Preparar el pedido antes de iniciar la prueba
El antídoto adecuado no consiste en eliminar los pilotos, sino en organizarlos como una etapa de decisión. Esto exige reunir desde el principio a quienes utilizarán la solución, garantizarán su seguridad y la comprarán. El contrato de prueba no garantiza necesariamente un pedido; debe, al menos, hacer explícito el camino que puede conducir a él.
- Definir el éxito: unos pocos criterios medibles, vinculados a la necesidad industrial, con un método de validación acordado.
- Identificar a quien decide: una persona capaz de asumir el presupuesto del despliegue, no solo el de la prueba.
- Cuantificar lo que viene después: la instalación, la formación, el mantenimiento, la ciberseguridad y el coste de explotación deben formar parte de la discusión.
- Fijar una salida: fecha de decisión, condiciones de prórroga y remuneración de los trabajos adicionales.
Un piloto remunerado constituye una señal útil, sin demostrar por sí solo la existencia de un mercado. Más reveladores son la implicación de los equipos operativos, el acceso a los datos necesarios y el trabajo iniciado sobre el futuro contrato. Por el contrario, una prueba gratuita sin calendario ni interlocutor en compras merece considerarse un gasto comercial arriesgado.

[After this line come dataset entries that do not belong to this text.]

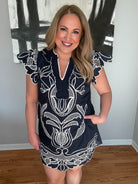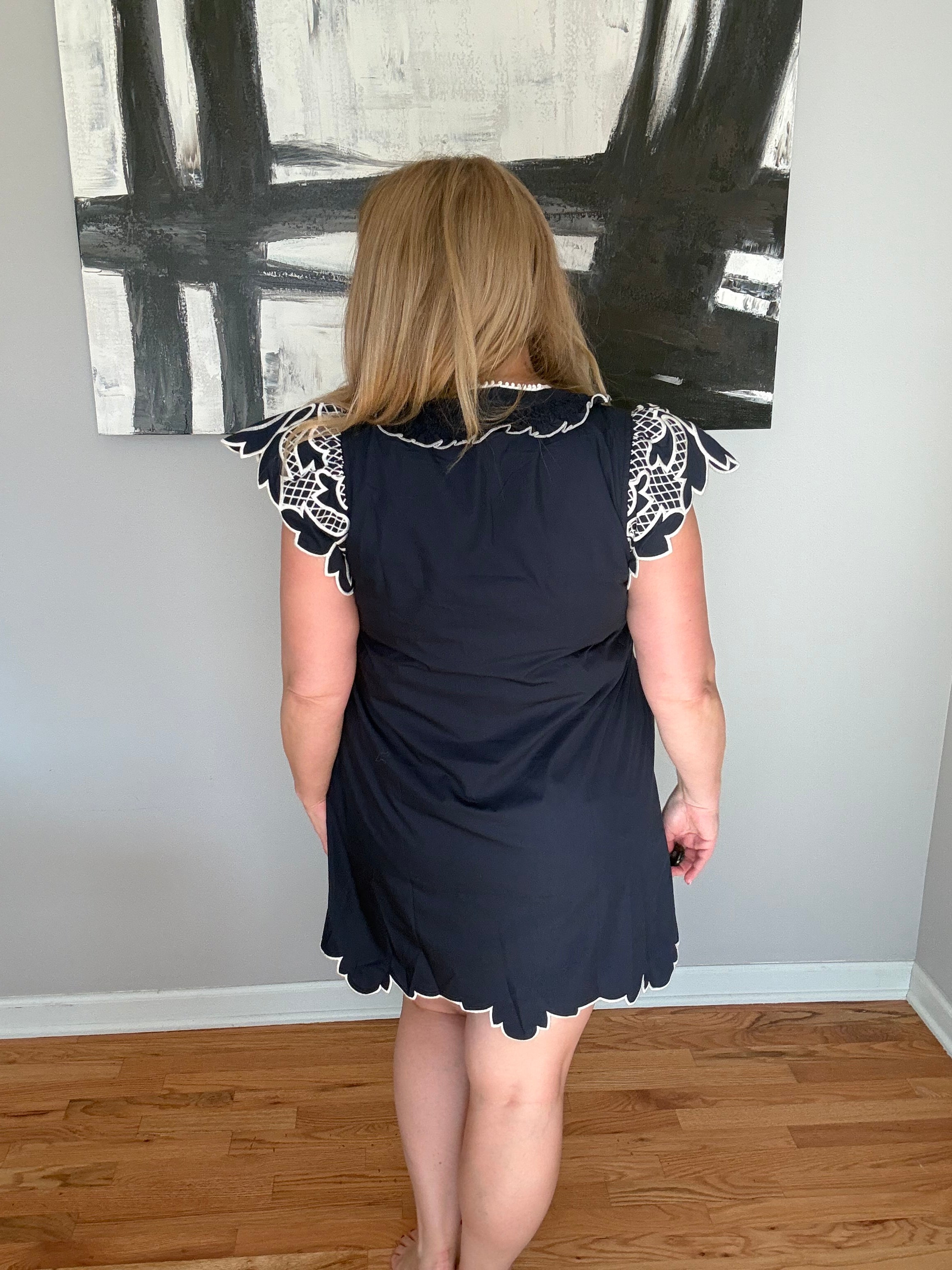 Navy Embroidered Design Dress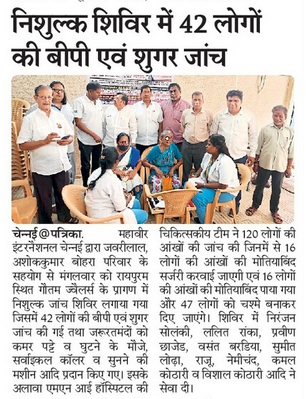 BP and sugar tests of 42 people were conducted in a free camp organized by Mahaveer International Chennai Health Camps / By admin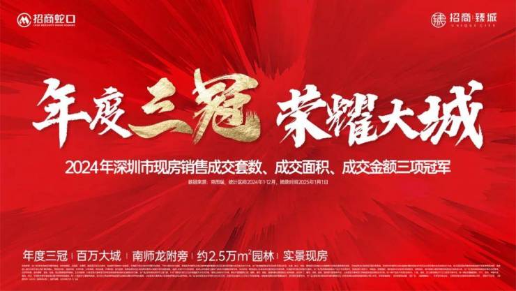 项目荣获2024年深圳市现房销售成交套数、成交面积、成交金额三项冠军,百万大城之上,一期压轴之作,入主央企大城的机会,热势竞藏!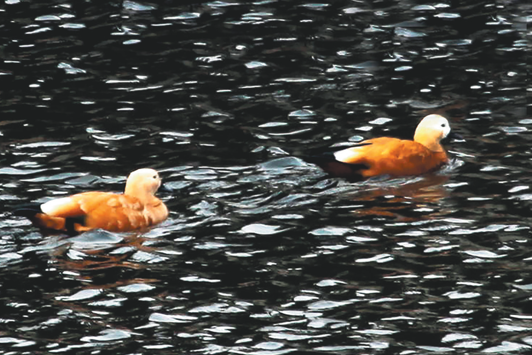 2月8日,在沈阳浑河流域,一群迁徙野鸭在冰水交融的河面上休息、觅食、嬉戏。
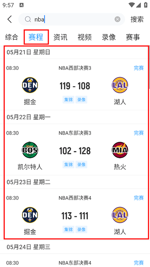 2、在搜索结果中进入“赛程”页面,即可查看近期所有NBA比赛的时间安排。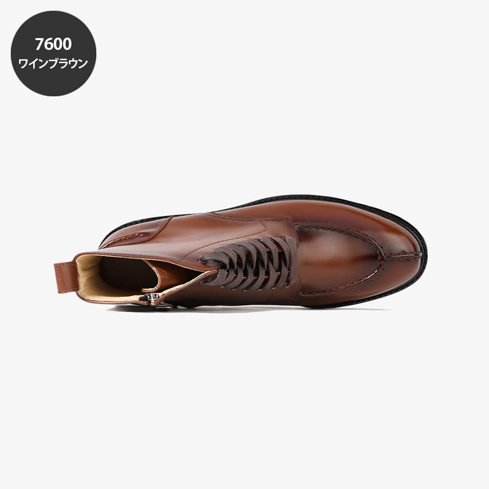 ビブラムコマンドソールYチップ 前鼻が目立つレースアップブーツ(牛革)【メンズブーツ/ブーツ/カジュアルブーツ/Men's/ハンドメイド】【商品名:Firenze Atelier 7600 ワインブラウン、ブラウンアドバン、ブラックボックス】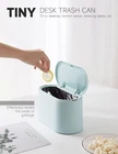 Product Description Mini Size The small shape moves freely. Liner Design Hide the garbage bag, Easy to replace. Pop-up design Simply tap the button to open or closed the lid. Wide Usage In The Dresser Table Store garbage after makeup. In The Kitchen Countertop Store kitchen waste. In The Office Desk Store desktop garbage, such as coffee capsules, waste paper, etc. In The Laundry Room Store lint (lint bin).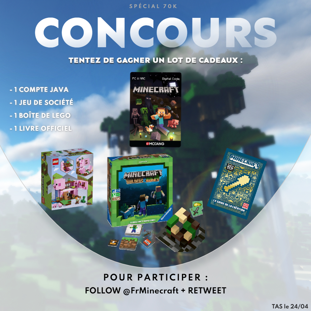 🎁 CONCOURS 🎁 🎊 Vous êtes 70K à nous suivre sur Twitter, et pour vous remercier, voici un concours ! Tentez de gagner un lot de cadeaux d'une valeur de 100€ : Pour participer : RT + FOLLOW @FrMinecraft TAS le 24/04 - 4 gagnants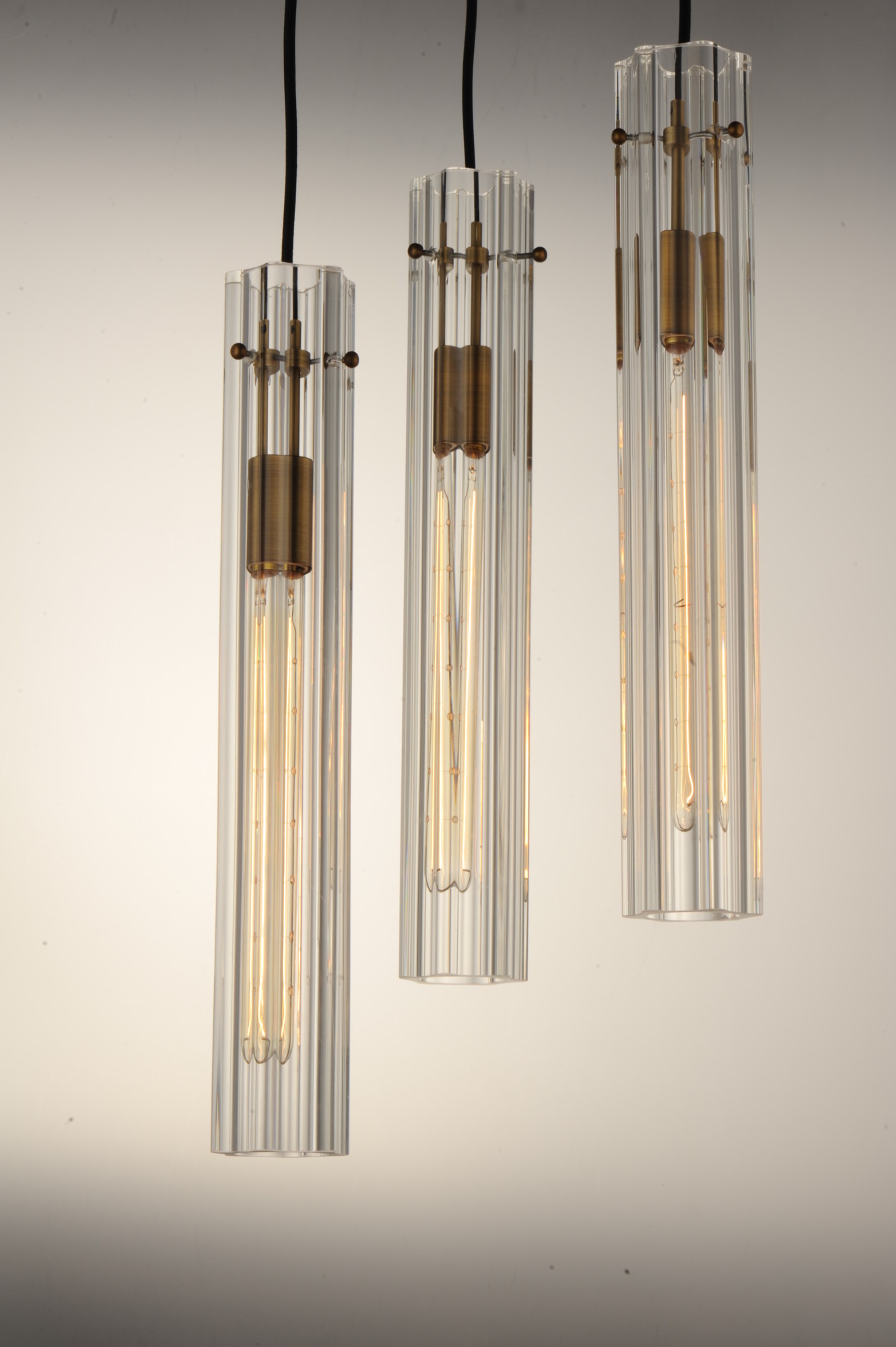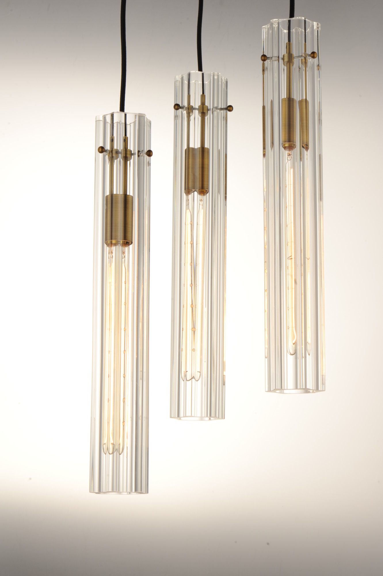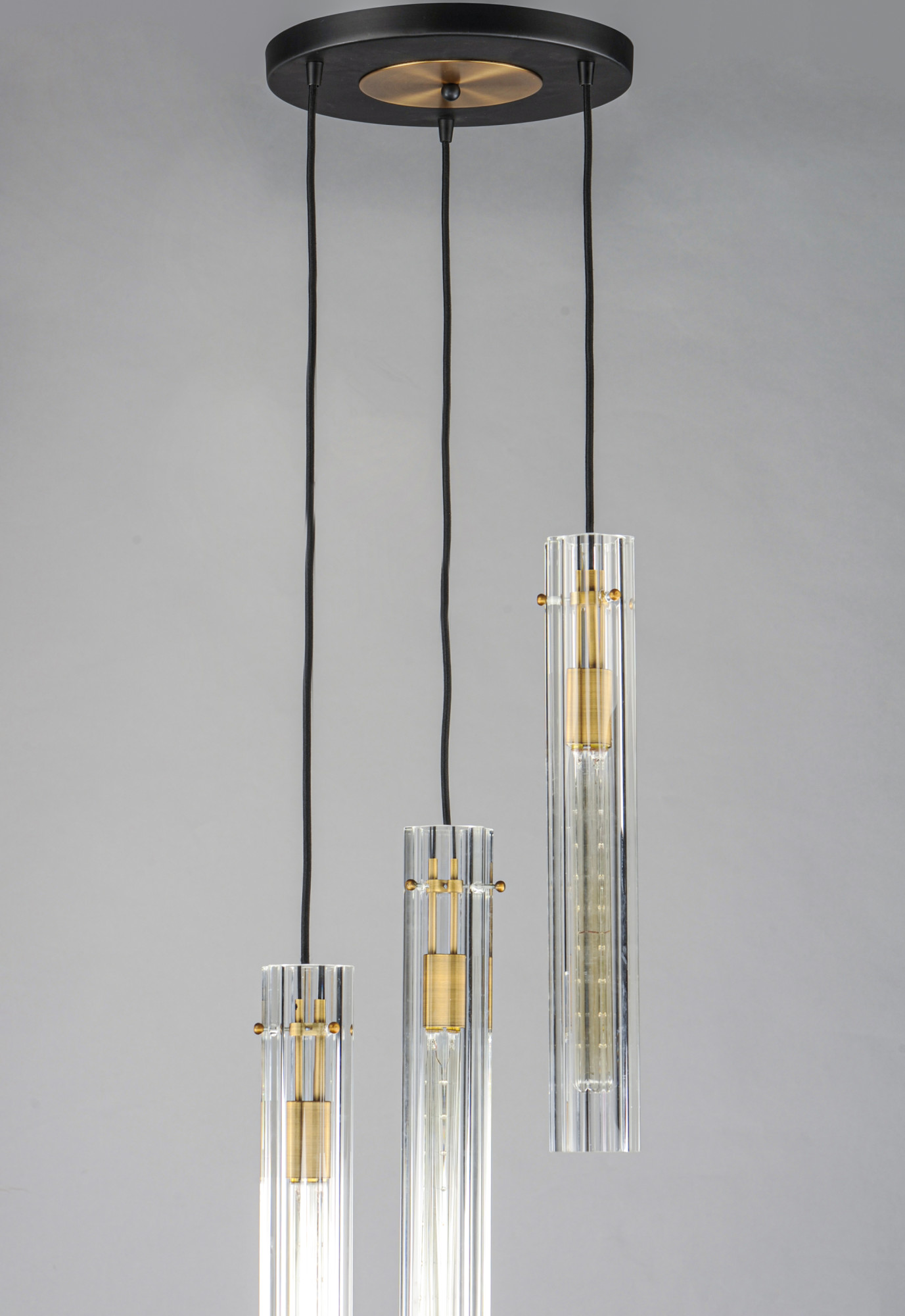 Item DescriptionAn exquisite collection featuring scalloped cylindrical Clear glass shades on unique metal frames finished in a combination of Black and Antique Brass. The cascading design of the chandeliers can be paired over a dining table or used as an entry fixture.

Medir los pedidos, no solo las colaboraciones
Tanto para las ferias como para las incubadoras y los inversores, el número de alianzas anunciadas sigue siendo un indicador incompleto. Habría que seguir su evolución: contratos recurrentes, despliegues en varias plantas, plazos de decisión, proporción de desarrollos reutilizables. Estos datos son menos espectaculares que una firma sobre el escenario, pero explican mejor la construcción de una empresa industrial.
¿Y ahora qué? De cara a las próximas ediciones de VivaTech, la madurez de la colaboración podría medirse por la capacidad de decir sí más rápido, pero también de decir no. Una negativa documentada libera a un equipo; una prueba que se prolonga indefinidamente lo inmoviliza. Para las jóvenes empresas industriales, la alianza más valiosa no será necesariamente la más visible: será aquella cuyas condiciones de despliegue se hayan discutido incluso antes de conectar el prototipo.